Leave the pictures out and reproduce all the entries word for word.

GIVEN RECORDS Block Start

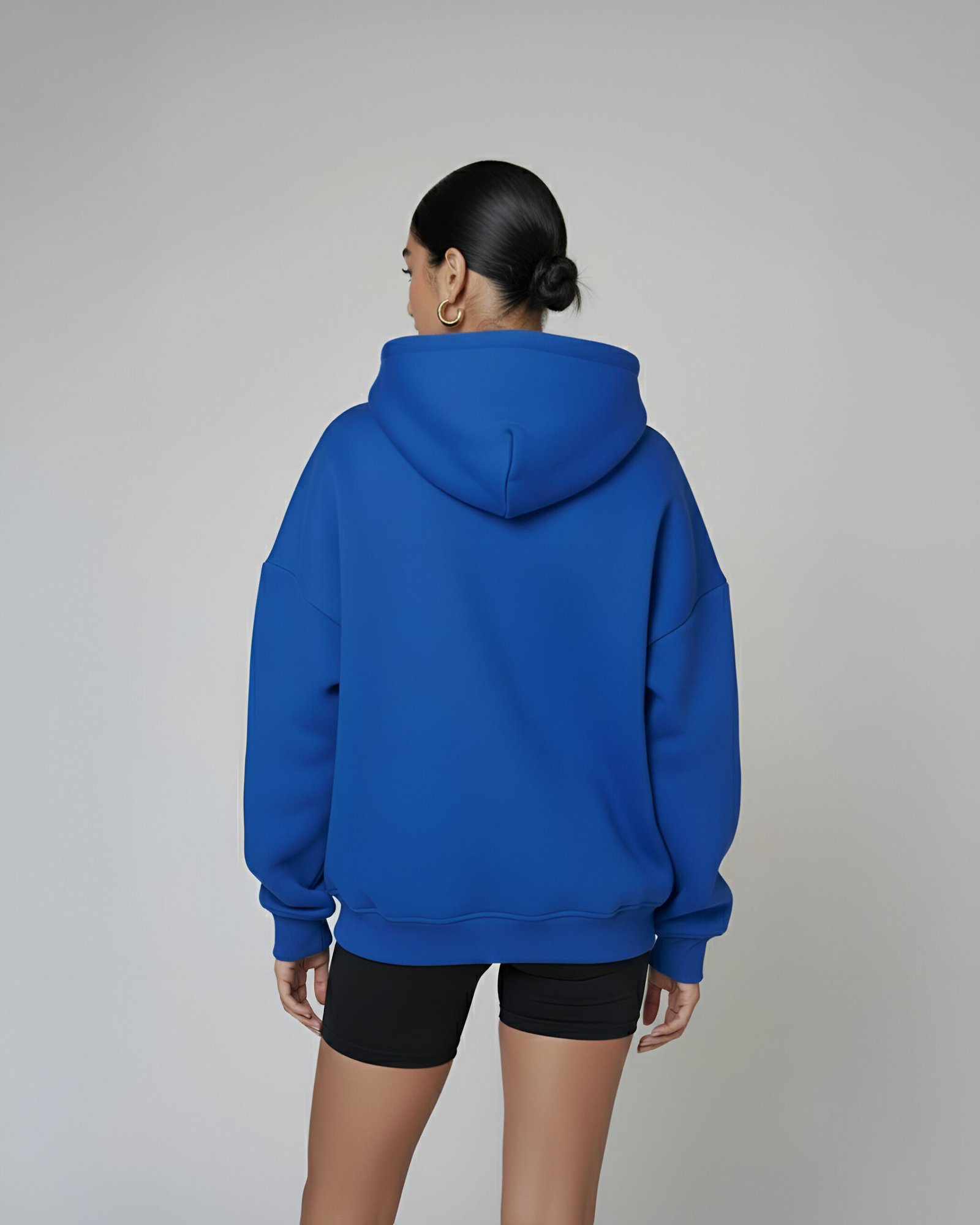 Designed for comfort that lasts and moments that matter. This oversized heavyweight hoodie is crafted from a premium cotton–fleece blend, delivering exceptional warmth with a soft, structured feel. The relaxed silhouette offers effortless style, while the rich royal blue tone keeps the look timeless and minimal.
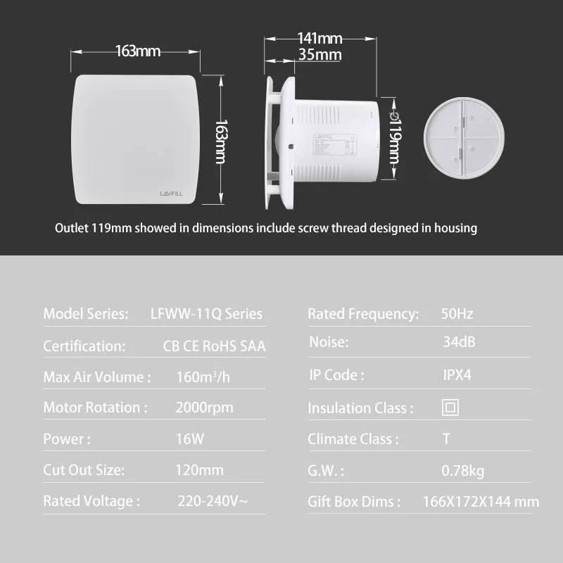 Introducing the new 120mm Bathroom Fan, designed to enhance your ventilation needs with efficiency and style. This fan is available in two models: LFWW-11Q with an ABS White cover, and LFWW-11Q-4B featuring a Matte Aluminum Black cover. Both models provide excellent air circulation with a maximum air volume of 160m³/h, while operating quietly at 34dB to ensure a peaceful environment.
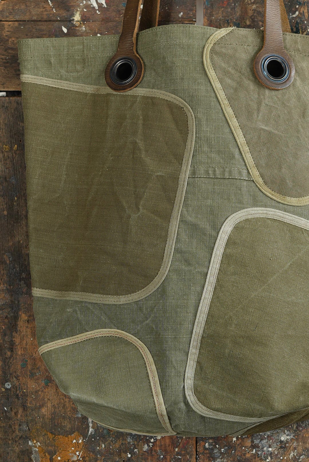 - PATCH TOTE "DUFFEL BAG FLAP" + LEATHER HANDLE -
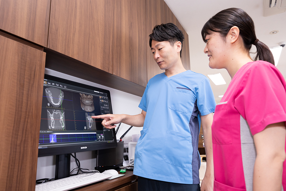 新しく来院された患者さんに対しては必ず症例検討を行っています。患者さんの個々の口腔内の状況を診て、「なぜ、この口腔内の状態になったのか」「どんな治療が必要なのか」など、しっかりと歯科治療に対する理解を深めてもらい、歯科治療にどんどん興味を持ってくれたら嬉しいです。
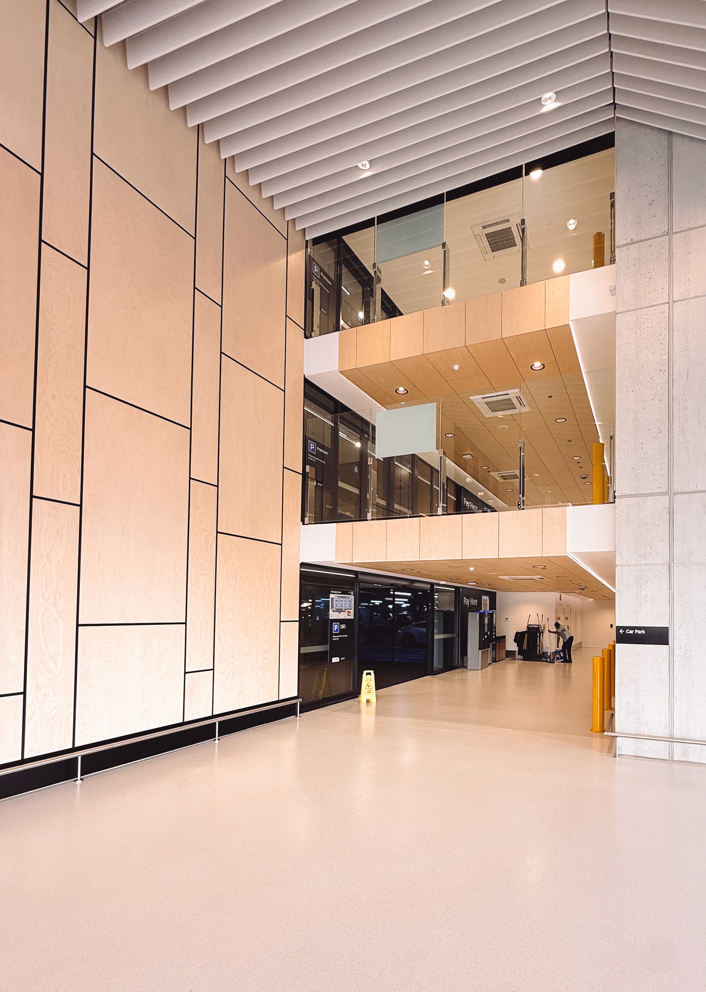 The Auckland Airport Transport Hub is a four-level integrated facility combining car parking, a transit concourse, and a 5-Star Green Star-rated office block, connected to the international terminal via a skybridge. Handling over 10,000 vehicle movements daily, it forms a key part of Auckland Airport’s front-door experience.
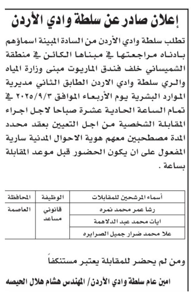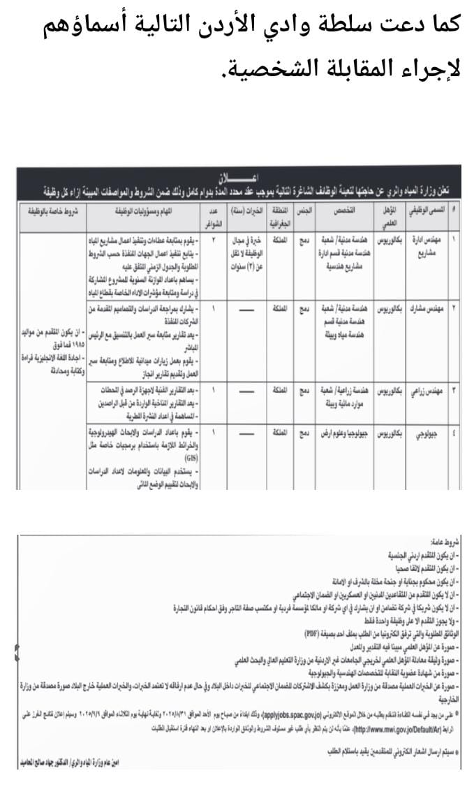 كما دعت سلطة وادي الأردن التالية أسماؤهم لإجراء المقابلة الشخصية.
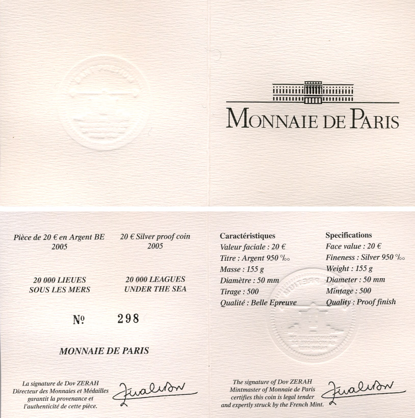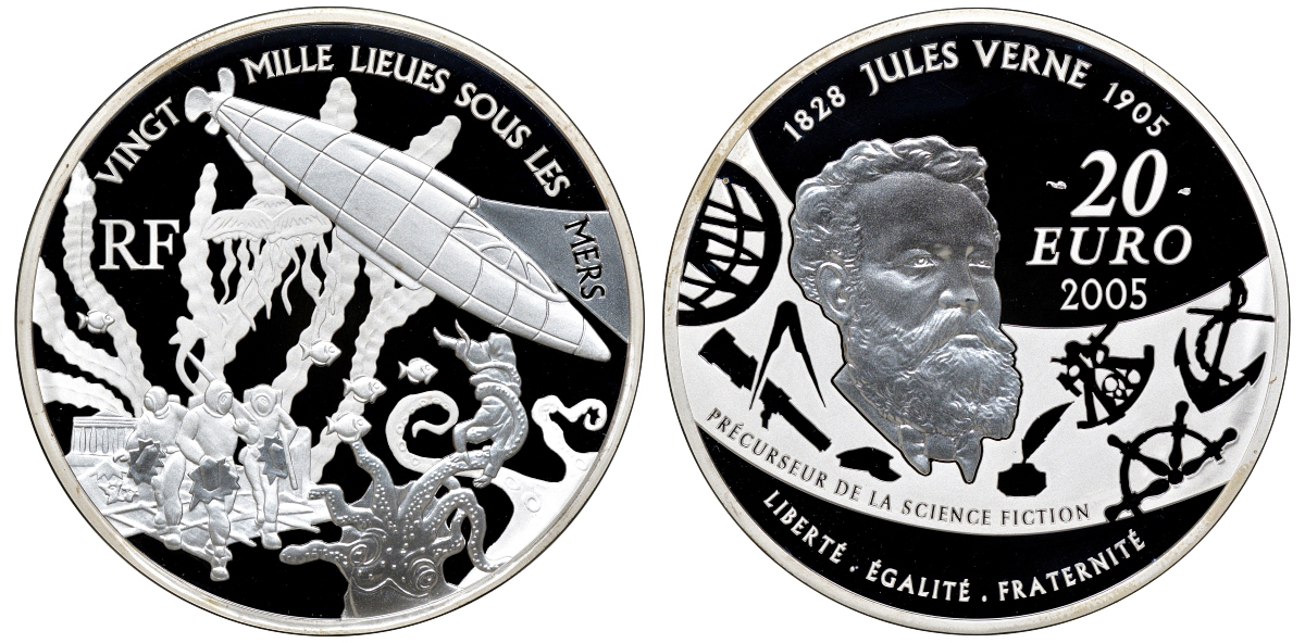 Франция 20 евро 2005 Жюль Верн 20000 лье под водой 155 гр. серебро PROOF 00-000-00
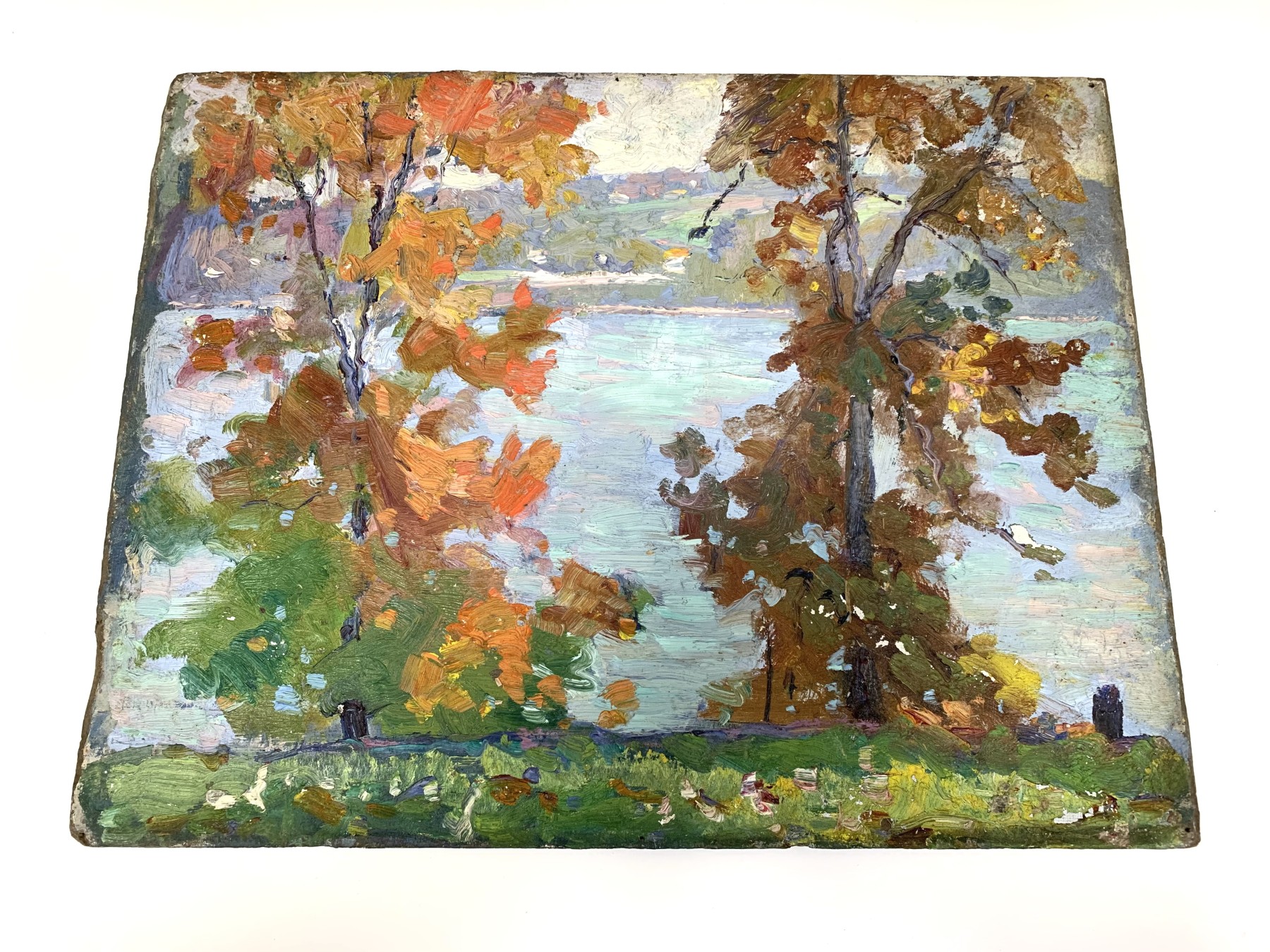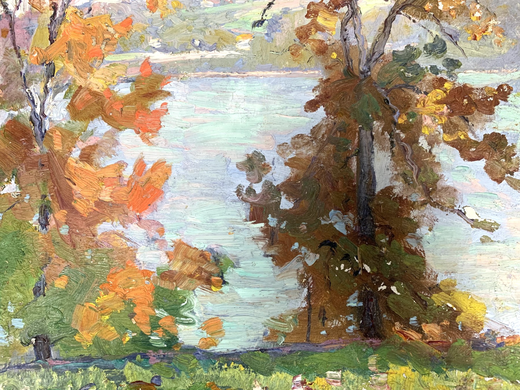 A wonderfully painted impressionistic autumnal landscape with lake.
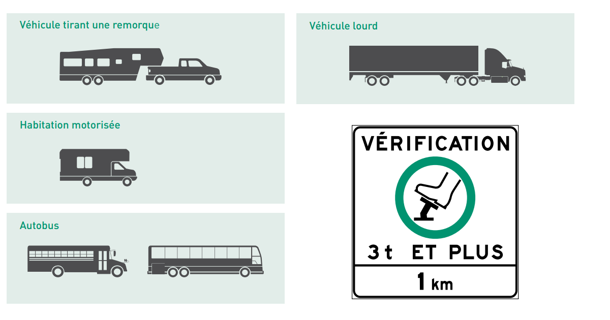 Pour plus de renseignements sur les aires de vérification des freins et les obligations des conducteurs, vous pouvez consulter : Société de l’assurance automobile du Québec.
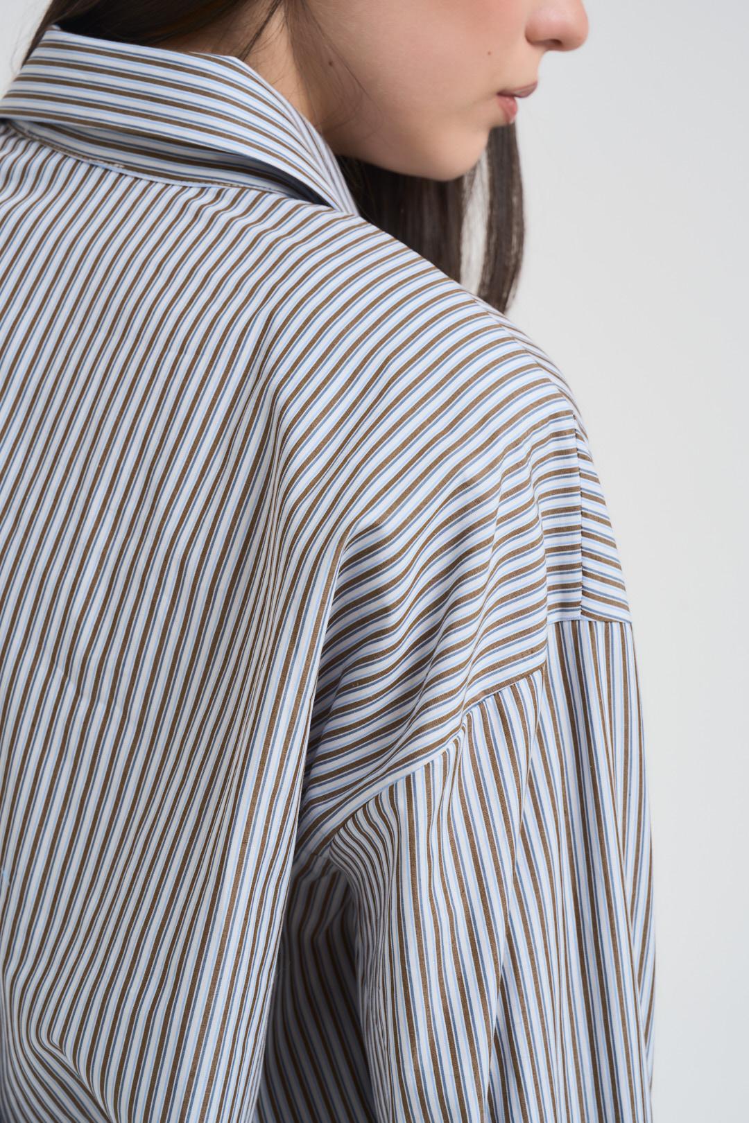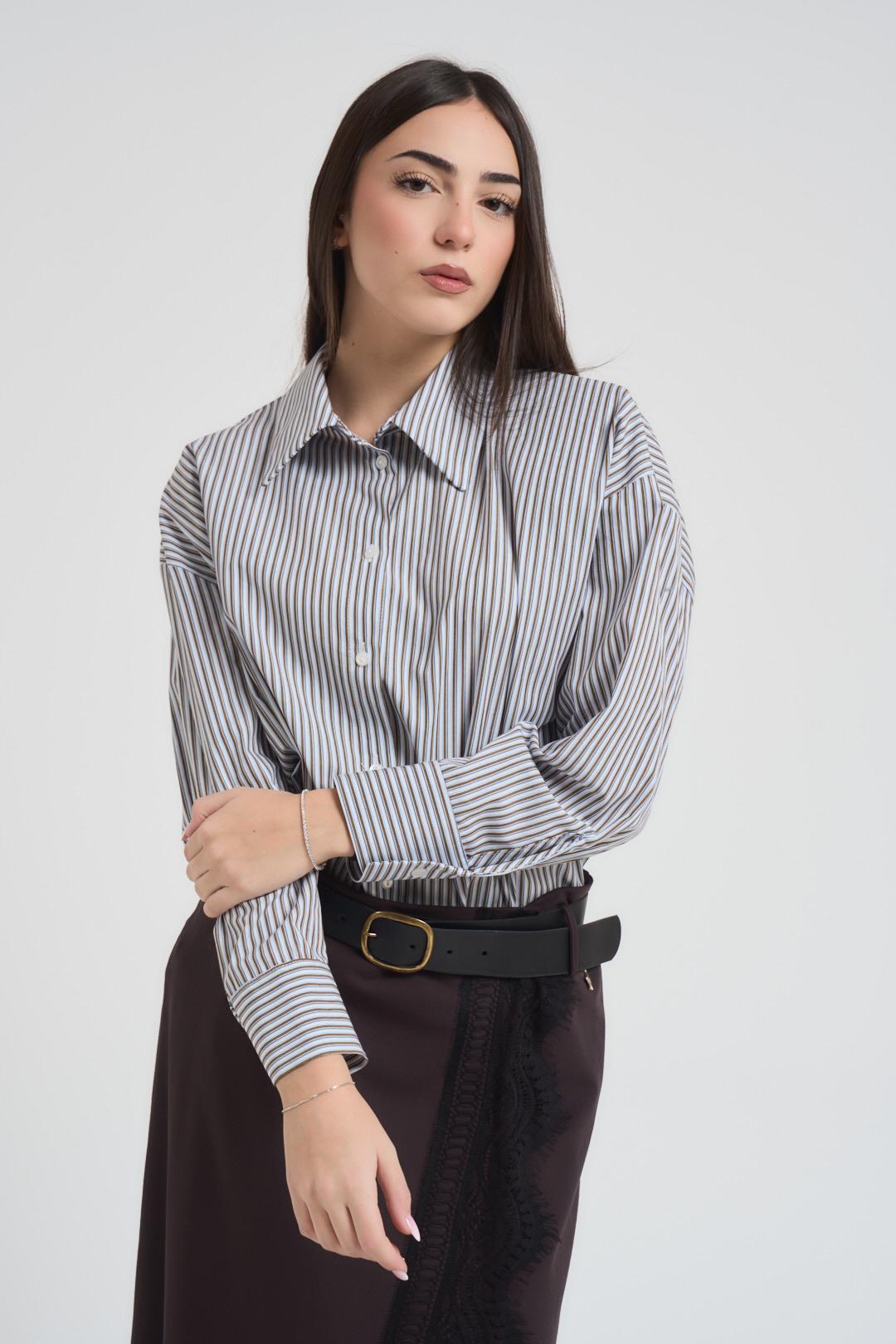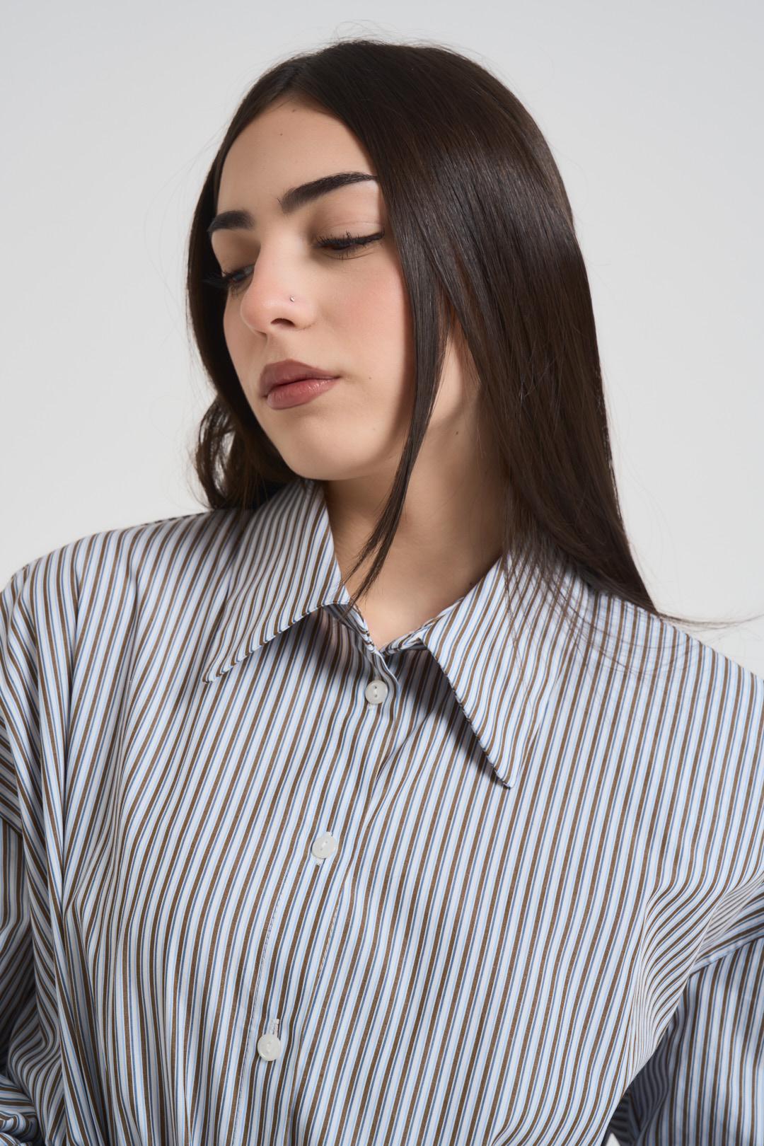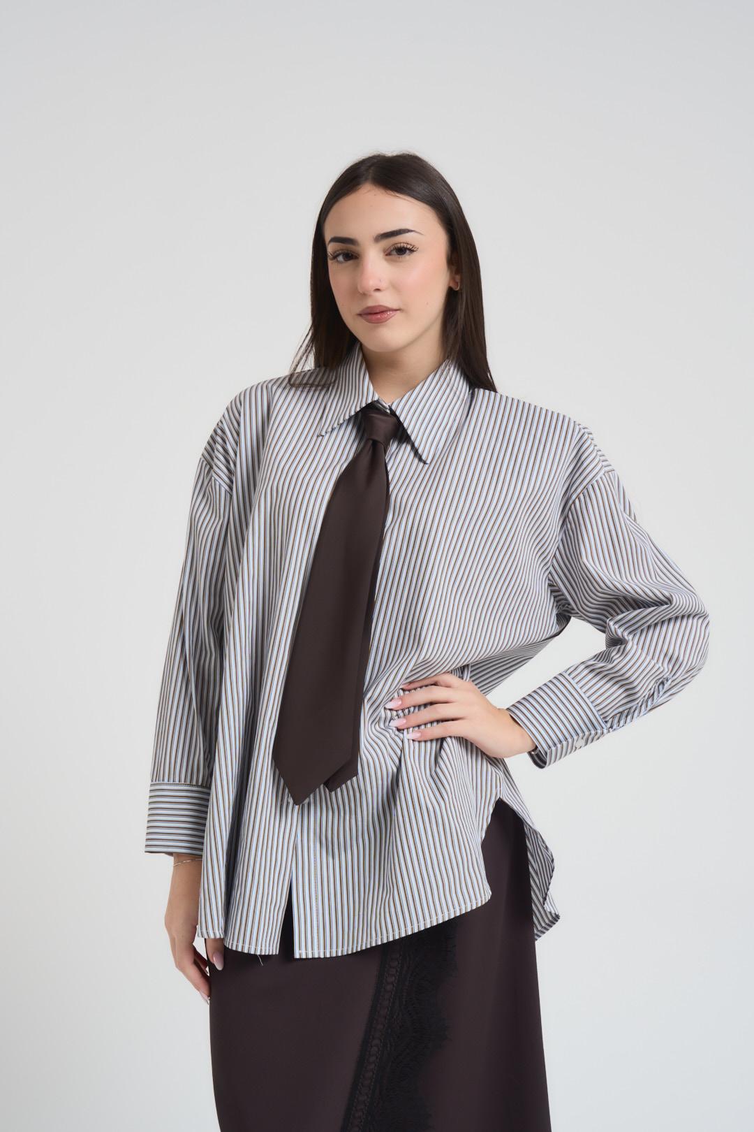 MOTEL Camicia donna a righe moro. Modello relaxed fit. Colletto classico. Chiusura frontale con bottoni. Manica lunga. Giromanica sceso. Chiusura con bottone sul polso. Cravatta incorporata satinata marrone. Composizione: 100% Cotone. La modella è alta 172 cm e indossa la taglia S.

GIVEN RECORDS Block End

**SOLUTION TO THIS PROBLEM:**
 Designed for comfort that lasts and moments that matter. This oversized heavyweight hoodie is crafted from a premium cotton–fleece blend, delivering exceptional warmth with a soft, structured feel. The relaxed silhouette offers effortless style, while the rich royal blue tone keeps the look timeless and minimal.
 Introducing the new 120mm Bathroom Fan, designed to enhance your ventilation needs with efficiency and style. This fan is available in two models: LFWW-11Q with an ABS White cover, and LFWW-11Q-4B featuring a Matte Aluminum Black cover. Both models provide excellent air circulation with a maximum air volume of 160m³/h, while operating quietly at 34dB to ensure a peaceful environment.
 - PATCH TOTE "DUFFEL BAG FLAP" + LEATHER HANDLE -
 新しく来院された患者さんに対しては必ず症例検討を行っています。患者さんの個々の口腔内の状況を診て、「なぜ、この口腔内の状態になったのか」「どんな治療が必要なのか」など、しっかりと歯科治療に対する理解を深めてもらい、歯科治療にどんどん興味を持ってくれたら嬉しいです。
 The Auckland Airport Transport Hub is a four-level integrated facility combining car parking, a transit concourse, and a 5-Star Green Star-rated office block, connected to the international terminal via a skybridge. Handling over 10,000 vehicle movements daily, it forms a key part of Auckland Airport’s front-door experience.
 كما دعت سلطة وادي الأردن التالية أسماؤهم لإجراء المقابلة الشخصية.
 Франция 20 евро 2005 Жюль Верн 20000 лье под водой 155 гр. серебро PROOF 00-000-00
 A wonderfully painted impressionistic autumnal landscape with lake.
 Pour plus de renseignements sur les aires de vérification des freins et les obligations des conducteurs, vous pouvez consulter : Société de l’assurance automobile du Québec.
 MOTEL Camicia donna a righe moro. Modello relaxed fit. Colletto classico. Chiusura frontale con bottoni. Manica lunga. Giromanica sceso. Chiusura con bottone sul polso. Cravatta incorporata satinata marrone. Composizione: 100% Cotone. La modella è alta 172 cm e indossa la taglia S.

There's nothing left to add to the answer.